Some families find new traditions, and some children are old enough to want traditions to stay the course. At any rate, please set expectations for the child due to the fact they are holding on to the past (which is totally fine); however, establishing new or modified traditions is key.


7. Will you stop fighting?

Divorce often arises from conflicts, which can be distressing for children. Assure them that although the parents will no longer be together, they will strive to maintain a peaceful and respectful co-parenting relationship. Emphasize that their well-being is prioritized.


Let’s say, in other words, there was no fighting but so much tension you could cut through it with a knife. This is the hardest to explain because, in a child’s mind – no fighting means you are/were happy with your partner. As adults, this is tough; focus on the part you grew apart, and you want each other to be satisfied in the long run.
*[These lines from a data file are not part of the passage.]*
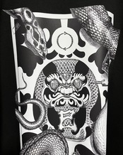 イラストを精緻に再現した転写プリントを施した裏起毛の冬用ビッグシルエットスウェット。
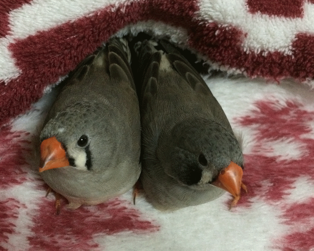 ずっと体を引っ付けて離れようとしません。手の中に抱くとすぐに寄り添って二羽でもちもちします。飛ぶことができないので食べると寝るの繰り返し。エサは1日3回ほどを目安として与えます。与える時間は生活リズムに合うように、決まった時間に与えるようにしましょう。
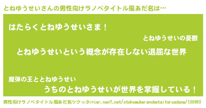 | 胡散臭い通販商品みたいなあだ名 | 『絶対に幸福をもたらす健康食品…その名も「とねゆうせい」』 |

8. Can I see my friends and pets?

Kids may worry about losing connections with friends and beloved pets due to changes in living arrangements. Reassure them that their relationships with friends and pets will be maintained and they will still have opportunities to spend time with them.
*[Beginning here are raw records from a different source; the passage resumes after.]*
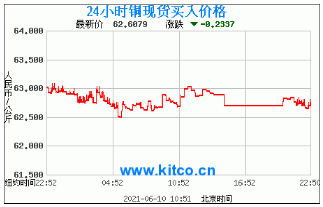 今日最新铜价:62.6079 涨跌:-0.2337
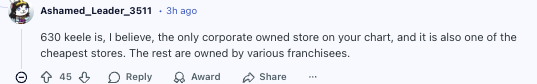“在你这张表里的门店里,630 Keele 应该是唯一一家‘公司直营店’,而且它恰好也是最便宜的之一。剩下那些都是不同加盟商开的。”
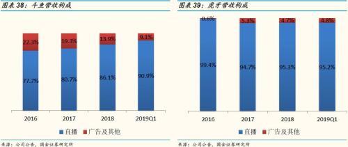 尽管总用户规模不如斗鱼,但虎牙的付费率更高。2018年,虎牙的年度付费率为4%,斗鱼的年度付费率仅为2.8%。2019Q1,虎牙的季度付费率环比提升0.1pct,达到4.4%;斗鱼的季度付费率为3.8%,环比大增1pct,同比增长0.9pct。现在,斗鱼、虎牙两家的季度付费率均处于历史最高水平,我们估计在未来几个季度还会连创新高。

Also, remind them they can make new friends at one of their new homes.


9. Is it normal to feel sad or angry?

Validating a child's emotions is crucial during this difficult time. Let them know that it is entirely normal to feel sad, angry, or confused about the divorce. Encourage open communication and let them know that their feelings will be acknowledged and supported.


Answer as many questions as you can, however, be completely honest; kids are so intuitive that they will read right through you. Also, tell them you feel that way sometimes; it's expected we are all human.


10. Will you get remarried?

Children may have concerns about their parents moving on and finding new partners. Be open to this question and explain that it is possible, but reassure them that the child will always be loved and cared for.


Though you may find a new partner to spend the rest of your life with and realize the kids may love or hate them. Try as hard as you can to make this a smooth transition and slowly integrate your new partner.


Understanding the questions and concerns that children often have during a divorce is essential in supporting them through this challenging time. Responding with empathy, honesty, and reassurance can help alleviate their worries and ensure they feel loved and secure throughout the process.


By addressing these top 10 questions, parents can foster a sense of stability and understanding in their children as they navigate the complexities of divorce.


We hope this helps you at least begin the conversation with your kids.


Yours truly,


Erin


Time to Dish:

· What type of questions have you received? How did you answer them?

· Do you have a cordial relationship with your ex? If not, this is hard to navigate, but list some ways that could help this transition.

· There is often trauma in a divorce situation; if the kids have seen this – they may ask more detailed questions. How will you answer?